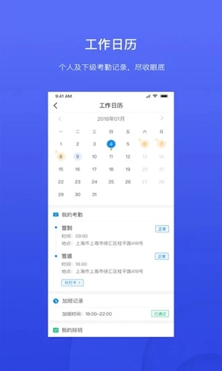 2、支持在线提交休假与加班申请,是商务办公场景下的实用辅助工具。
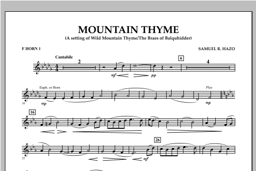 Written as a memorial, this beautifully emotional setting is a reworking of the traditional folk song The Braes of Baquhidder (also known as Wild Mountain Thyme) by Scottish writer Robert Tannahill. Samuel Hazo uses a varied tapestry of colors, textures and dynamics, taking full advantage of the depth and power of the modern wind band in creating this stunningly effective work. Dur: 4:20
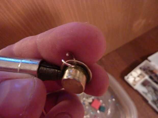 1. Taladro un agujero de 3/64" para acomodar el anillo del salto.
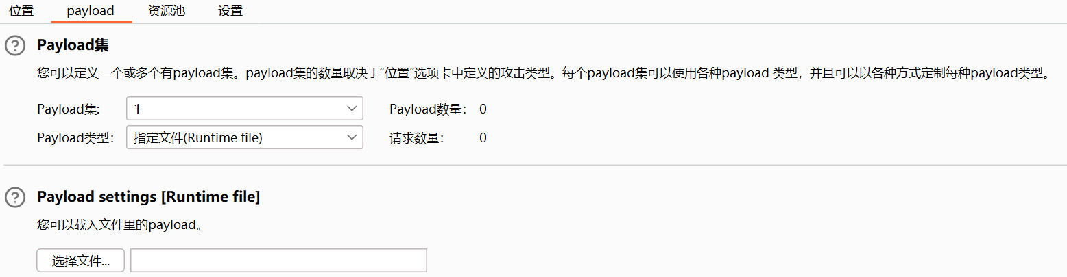 在payload类型选择指定文件(也就是字典,弱口令字典百度上有不做推荐)
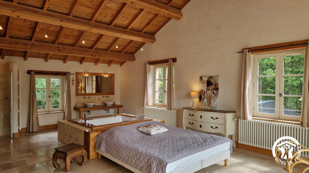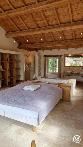 - la dernière chambre, une immense suite parentale avec lit en 180cm, baignoire balnéo deux places, grande douche, double vasque, dressing et balcon privatif.
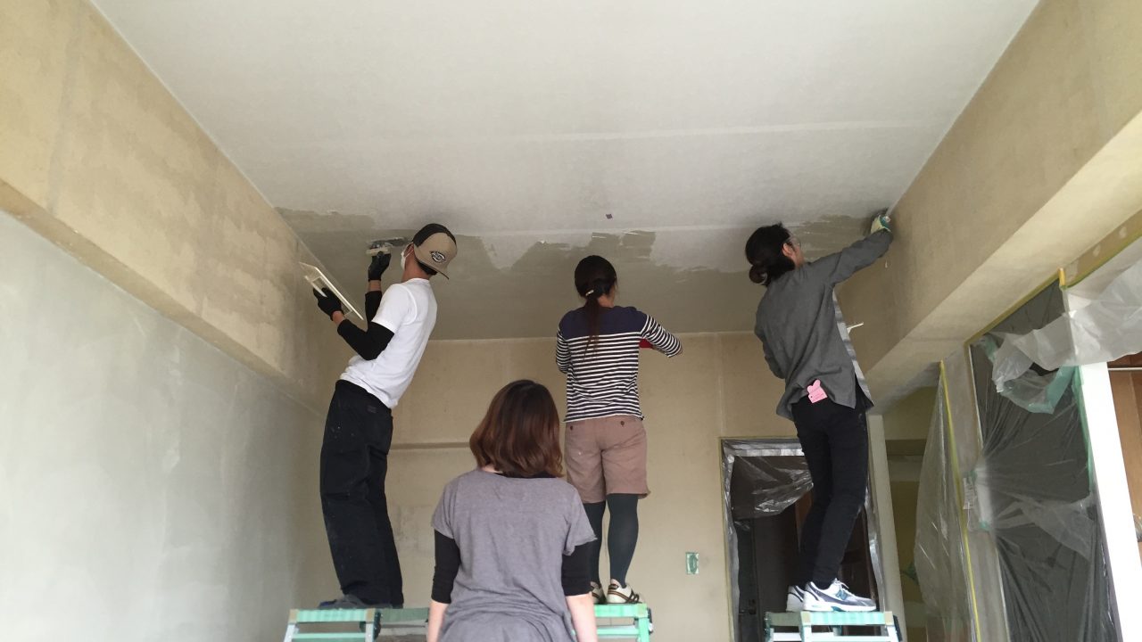 天井に漆喰や珪藻土を塗る体験練習会 漆喰 しっくい 通販 ロハスウォール
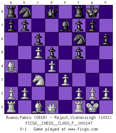Last move : 0-1 2014 July 30 14:19:52 [Event "FICGS__CHESS__CLASS_F__000147"] [Site "FICGS"] [Date "2014.04.27"] [Round "1"] [White "Ruano,Pablo"] [Black "Rajput,Vishalsingh"] [Result "0-1"] [WhiteElo "0818"] [BlackElo "1031"] 1.d4 d5 2.c4 Bf5 3.Nc3 Nf6 4.e3 Nc6 5.Nf3 e6 6.c5 Be7 7.Bb5 O-O 8.O-O Nb8 9.Nh4 c6 10.Ba4 h6 11.Nxf5 exf5 0-1 This chess game has been lost on time (started : 2014.04.27 0:41:5) QGD : Grau (Sahovic) defense Kingside Castling by player Black (move 7) Kingside Castling by player White (move 8) Player Black won this chess game. Follow this game move after move (download)An attack on the wing should be met by play in the center. (Nimzovitch) Je mehr wir mit Computern analysieren, desto mehr glauben wir an Verteidigung. (Vladimir Kramnik) Las leyes del Ajedrez no permiten una libre elección: tienes que mover quieras o no. (Emanuel Lasker) Un journaliste : 'Vous préférez avoir une dame de plus sur l'échiquier ou au lit ?' Boris Spassky : 'Ca dépend de la position.' CHESS, n. f. [echecs, Fr.] A nice and abstruse game, in which two sets of puppets are moved in opposition to each other. (Dr Samuel Johnson, A Dictionary Of The English Language, 1755)
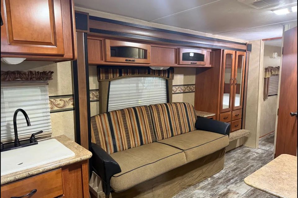 This spacious, family-friendly trailer offers all the comforts you need for a relaxing getaway, complete with a roomy interior, full kitchen, and a private bedroom with its own exterior entry. The futon-style sofa and dinette both convert into beds, making it perfect for couples or families looking to camp without compromising on comfort.
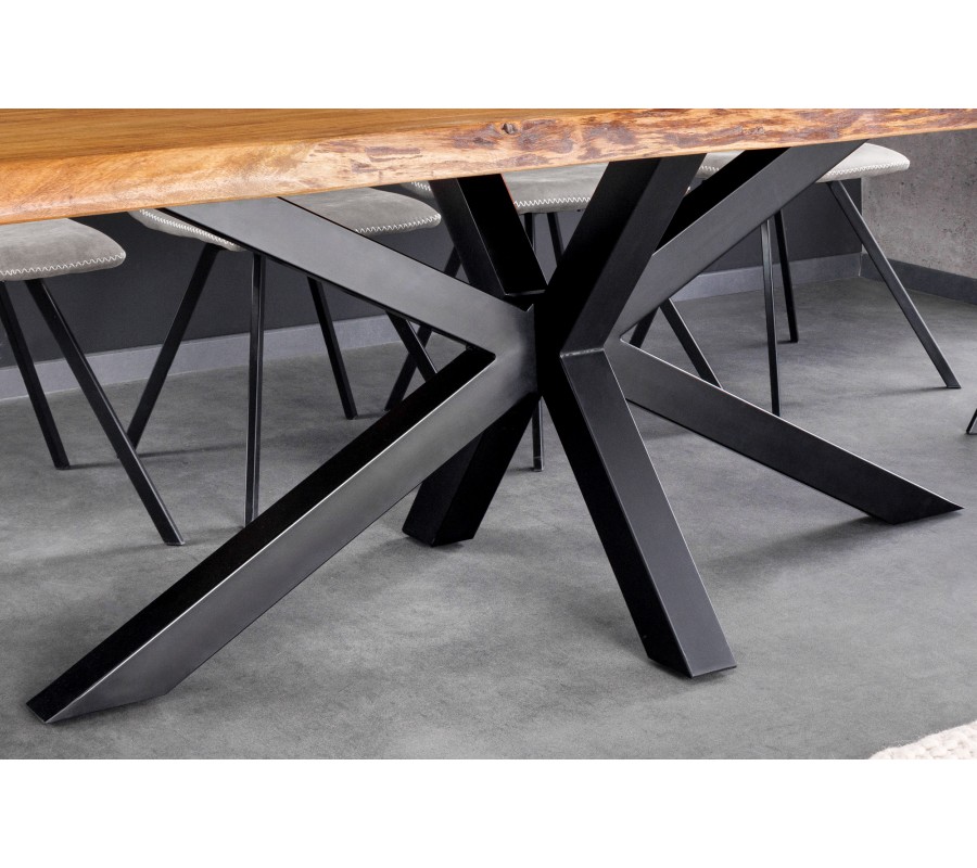 Spodnú časť stola tvorí podstava so štyrmi hranatými, prekríženými nožičkami. Sú vyrobené z kovu s matným čiernym nástrekom. Zabezečujú výbornú stabilitu nábytku a zároveň prinášajú do dizajnu vizuálne zaujímavý, jemne industriálny prvok. Za stôl pohodlne usadíte 10 osôb.
● ● ●
Using the data above, return the lines from the one holding "在payload类型选择指定文件(也就是字典,弱口令字典百度上有不做推荐)" through the one holding "天井に漆喰や珪藻土を塗る体験練習会 漆喰 しっくい 通販 ロハスウォール" exactly, but not the pictures.

- RESULT
 在payload类型选择指定文件(也就是字典,弱口令字典百度上有不做推荐)
 - la dernière chambre, une immense suite parentale avec lit en 180cm, baignoire balnéo deux places, grande douche, double vasque, dressing et balcon privatif.
 天井に漆喰や珪藻土を塗る体験練習会 漆喰 しっくい 通販 ロハスウォール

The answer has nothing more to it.